As LDS is an autosomal dominant disorder, there is a 50% risk that a fetus will be affected if either parent has the condition. PGD or early-pregnancy testing potentially allow antenatal identification of affected pregnancies.[4]

Multidisciplinary care should be provided in a tertiary-level maternity hospital with clear plans for preconception, antenatal, peri-delivery and postnatal management between specialties. Regular follow-up, close blood pressure monitoring and use of β-blockers to maintain low normal blood pressure and heart rate are crucial.[6] Monthly assessment of aortic diameter via echocardiography is recommended.[4]

The risk of vaginal delivery versus CS is difficult to quantify with very little evidence available, particularly in multiple pregnancy and with this mutation. The most recent European guidelines suggest vaginal delivery in patients with aortic connective tissue disorders if the aortic diameter is less than 40 mm, which this mode may be considered between 40 and 45 mm and that CS should be considered when it is greater than 45 mm.[12] Preterm CS is often undertaken due to reports of uterine rupture and the hypothetical risk of aortic dissection.[2,4]

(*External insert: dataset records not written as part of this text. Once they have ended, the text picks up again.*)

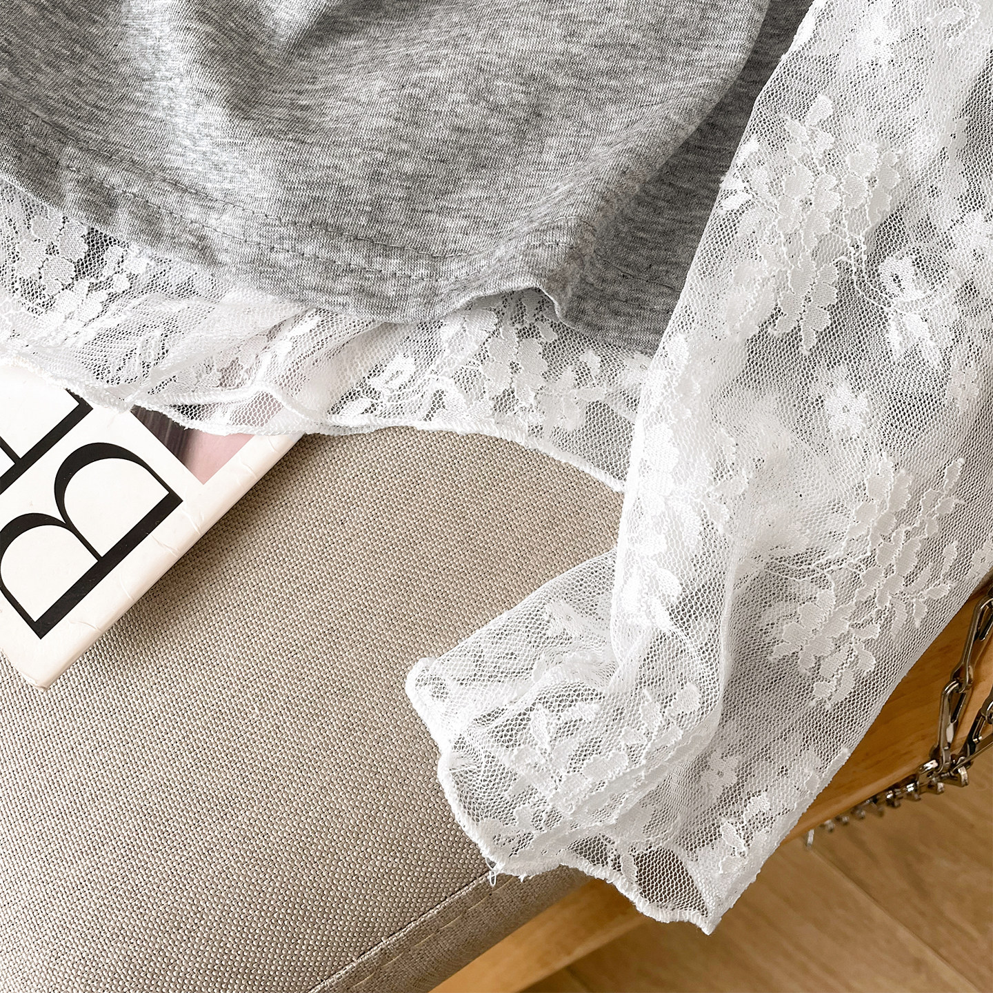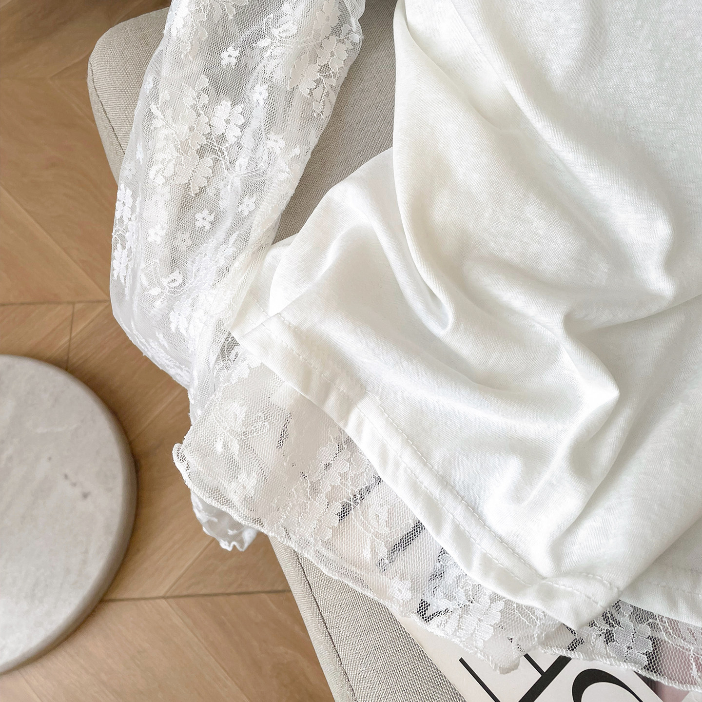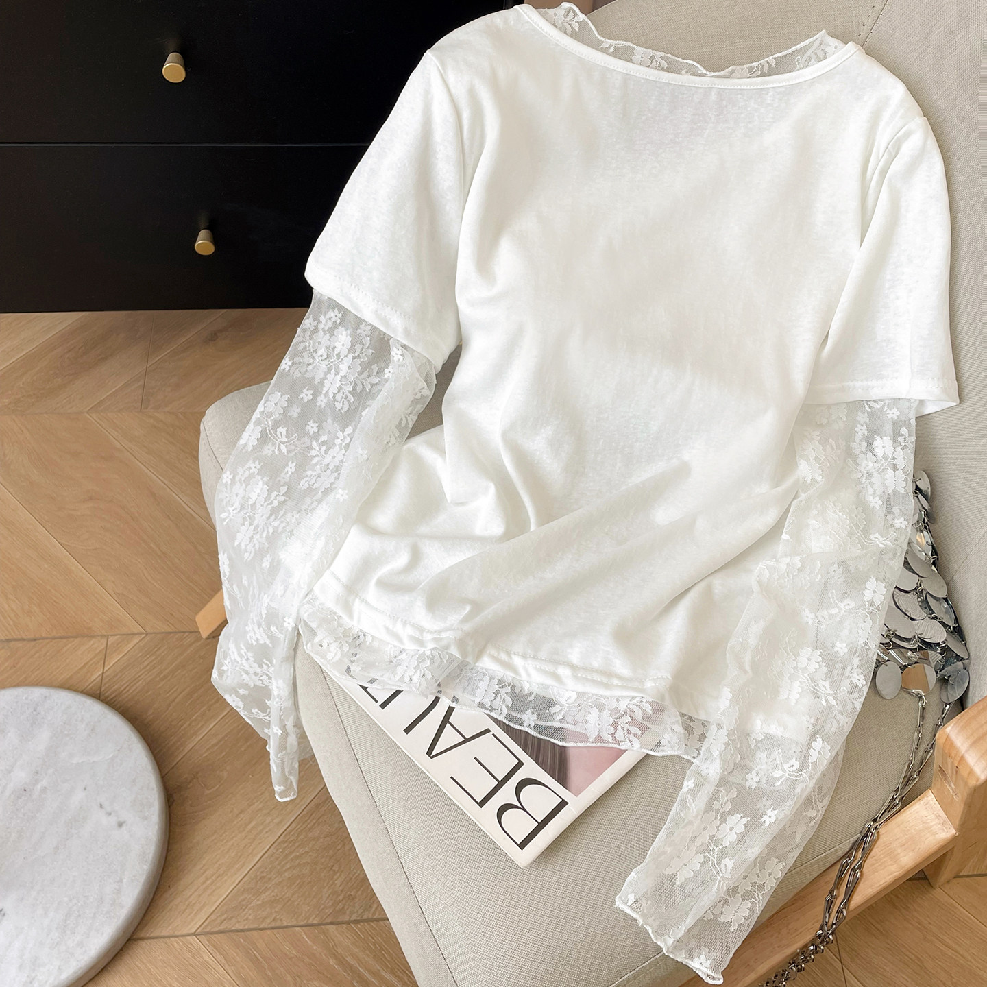 小C家蕾丝绣花网纱拼接假两件上衣女2026新款春季白色正肩长袖T恤
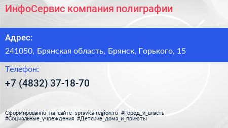 ИнфоСервис, компания полиграфии по адресу 241050, Брянская область, Брянск, Горького, 15 в дальнейшем Организация, размещена в следующих категориях:
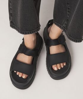 プラットフォームソールとグリップ力のあるフットベッドで仕上げたサンダルは、
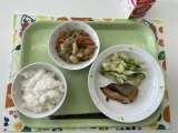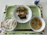 献立 ごはん かきたま汁 さばのみそ煮 青のりポテト ジョア しょうが(高知)...
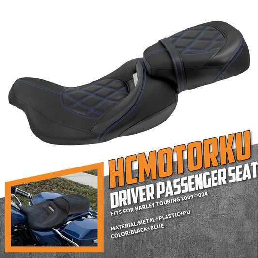 Low Profile Driver Passenger Pillion Seat Blue Fit For Haley Touring 2009-2023 | HCmotorku
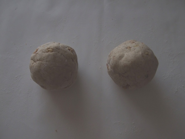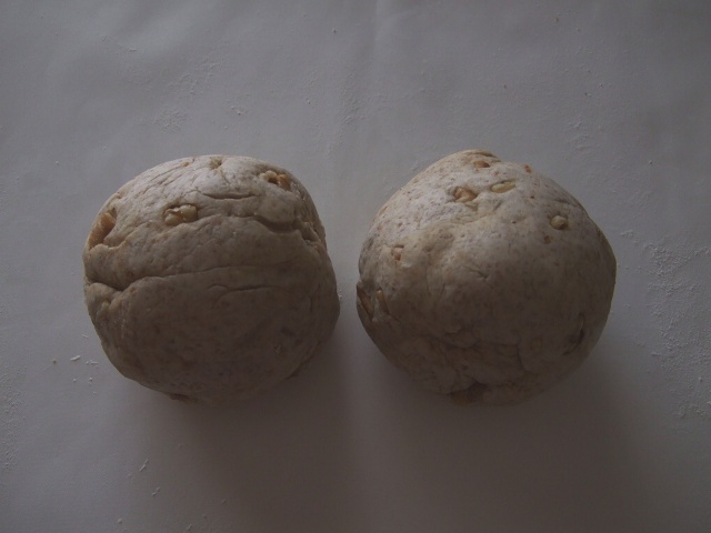 今日はライ麦パンを焼きました~ ![]() 以前、百貨店で出張販売していたパン屋さんで買ったライ麦パンが とてもおいしくて気に入ったのですが、 さっさと袋を捨ててしまったのでどこのお店がわからずじまい。 他のお店でいくつか買っても、なんか今いち・・・。 私、本場のライ麦パンは苦手なのです。 すっぱすぎてぼそぼそしてるように感じて・・・。 日本人の口にあわせたものの方が私には合うんです。 だって、この年までどっこも外国行ったことない 日本しか知らない日本人 ですから~~。そんなわけで、自分で焼きます! これは何度か作ってるので、気楽です~。 またもホームベーカリーに生地をおまかせしまして・・・。 二つに分けてまるめて15分のベンチタイム。 おっきくなったよ ![]() 平らに伸ばして畳んで整形。

In the case of PPH, tranexamic acid, misoprostol and surgical procedures are recommended. In general, ergometrine is usually contraindicated due to concerns about resultant hypertension; however, it is recognised that at times, blood loss may be severe enough to warrant its use, as occurred in this case. To date, there is no established guideline concerning the use or type of oxytocin for the management of the third stage of labour in women with LDS. However, the accepted consensus is oxytocin infusion rather than bolus administration.[4]

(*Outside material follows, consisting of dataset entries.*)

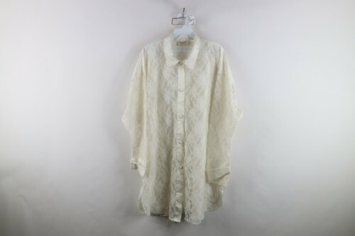 Vintage 90s Victoria's Secret Womens M / L Flower Lace Button Night Sleep Shirt
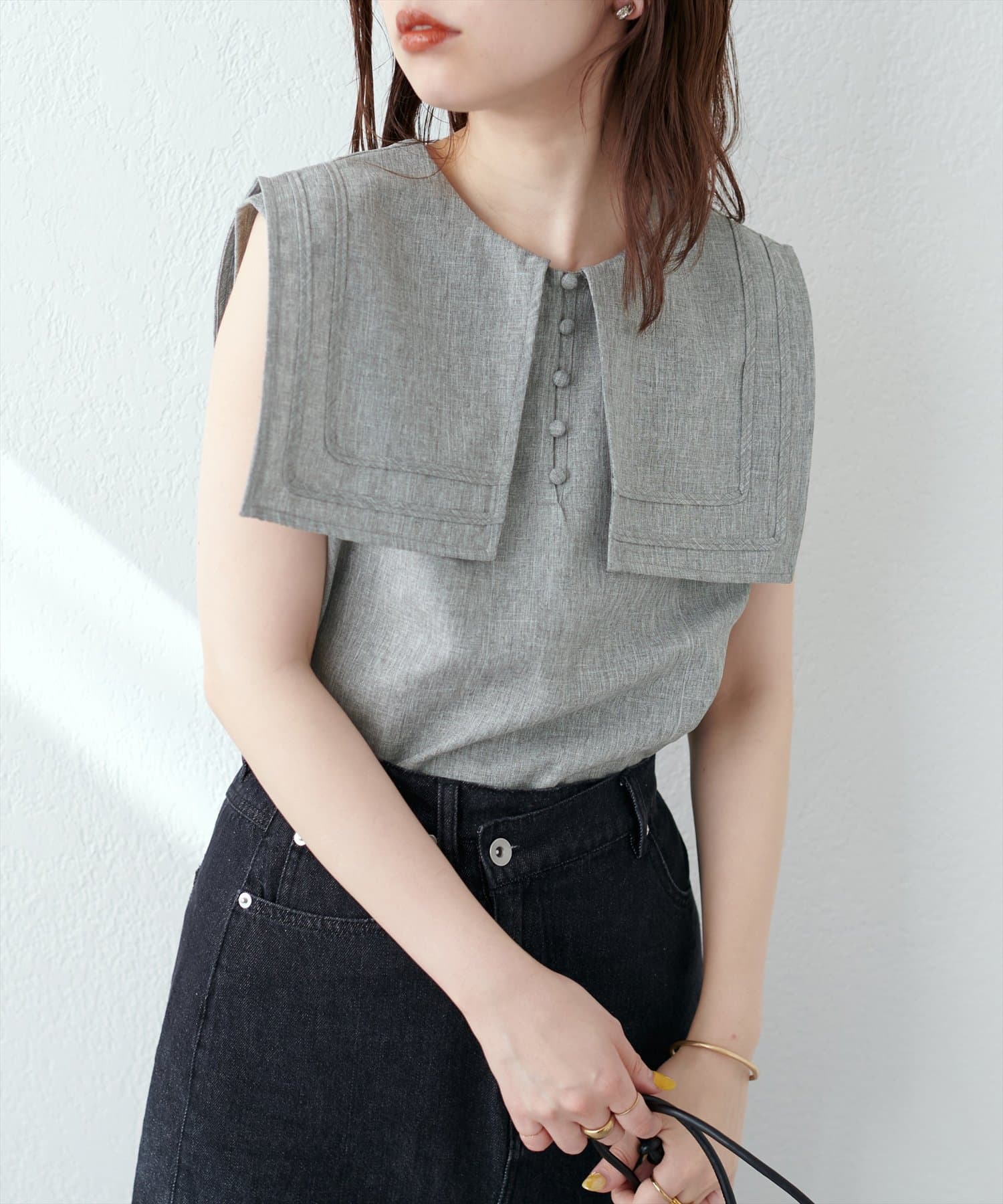 ご好評頂いていたビッグ衿デザインにノースリーブタイプが新たに登場。
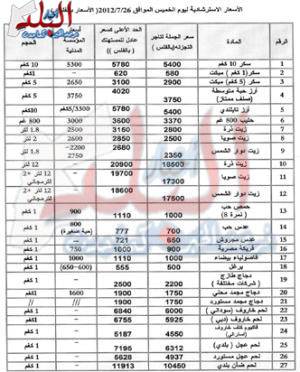 نشرة «الصناعة والتجارة» لاسعار السلع
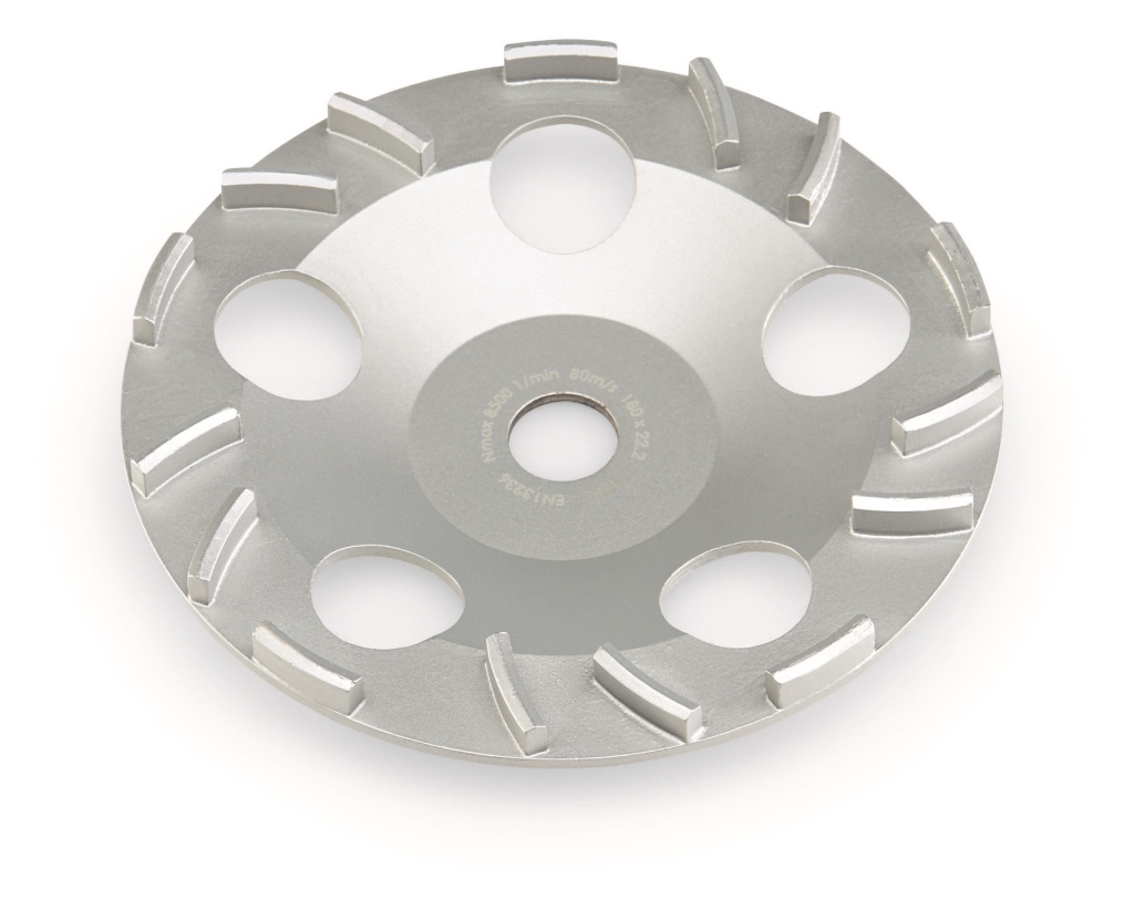 Schleifteller geeignet zum Abschleifen von Betonteilen, Anschleifen von verwittertem Altbeton, hartem Zementputz, zum Entfernen von Schalungsübergängen und Betonläufern, ausgehärteten Epoxidharzbeschichtungen und der Sinterschicht an Betonteilen. Hohe Schleifleistung und Lebensdauer durch neuartige Segmentkonstruktion. Optimale Untergrundvorbereitung für eine weitere Beschichtung.
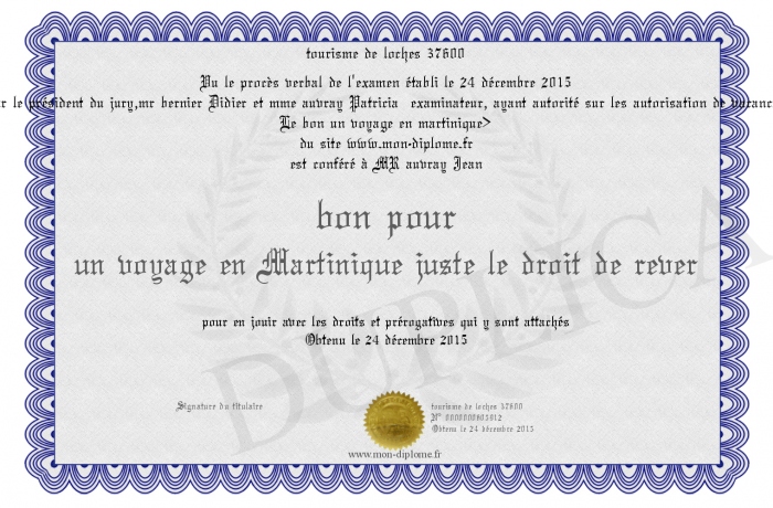 Envoyez par email votre bon pour un voyage en Martinique juste le droit de rever personalisé

Increased risk of aortic dissection persists for some weeks post-delivery.[2,14-16] Extended inpatient monitoring, repeat aortic root imaging, and maintaining normal blood pressure are important.[4]

Conclusion

LDS is a rare condition with a significant risk of pregnancy-related complications. Preconception counselling and assessment is strongly recommended. Pregnancy should be managed by a multidisciplinary team in a tertiary-level maternity hospital with regular aortic root imaging and β-blockade. Management of these women is limited by the paucity of data. This case is reported to add to the body of experience. Sharing of pregnancy data, regardless of outcomes, ideally through a registry is the likely best way to ascertain the true risks and reasonable management options in such rare maternal diseases.